Overall, ECAs and multilaterals will likely remain a key source of funding for the frontier/developing regions that we primarily focus on in geographies such as Iraq.
TXF: Is OECD Consensus reform needed/helpful?
NA: Some ECAs have a blanket ‘zero investment’ policy towards projects that may have a gas component. This is not helpful. We think every case should be judged on its wider merits given that gas is a recognised transition fuel. We do think we have a strong case to present that gas meets most countries’ CRO (Climate Resilience Office) needs and their strategic objectives in terms of their longer-term vision of supporting economic growth. We would recommend a greater degree of openness in terms of consensus requirements and a willingness to think outside the box.
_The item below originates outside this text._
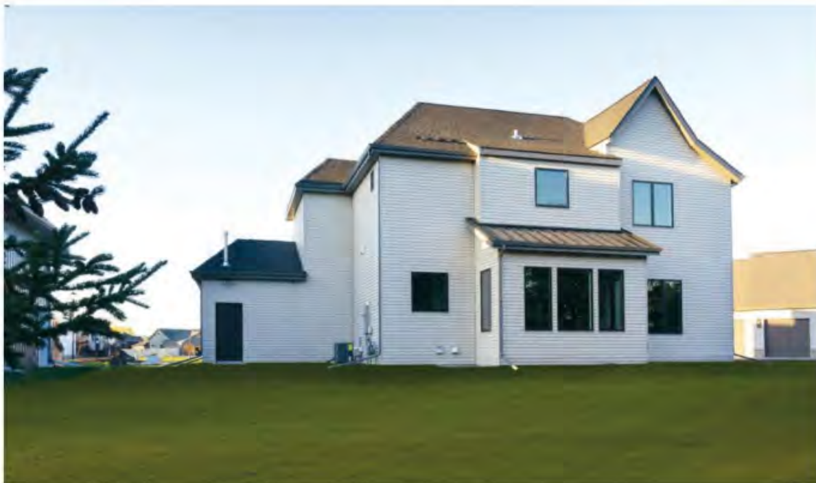
↑ The backside view of the home's exterior is equally eye-catching with interesting rooflines and wrap-around dining room windows.

TXF: Is your funding/financing mix likely to change?
NA: Given the lack of recent support by many multilaterals/ECAs/international banks for oil & gas financing, more and more companies in our sector have turned to equity and capital markets as their main sources of funding.
MENA banks in general remain open to funding oil & gas projects but often lack the expertise for more complex structured solutions. We would expect that capital markets (despite the higher interest/yield versus loan markets) will keep growing in significance for us as well to the detriment of the loan markets.
TXF: How has the Sukuk market been responding to recent events globally – are you working on any Sukuk financings? Do you use any form of insurance/guarantees in the Islamic markets?
NA: We are currently not active in the Sukuk markets and do not have insurance/guarantees in place in the Islamic market. Sukuk investors tend to primarily focus on investment grade/developed country issuers and currently there is significant unmet appetite in this segment of the market. Thus, investment grade issuers that qualify to issue Sukuks could likely achieve a slightly better pricing by issuing such an instrument relative to issuing a bond.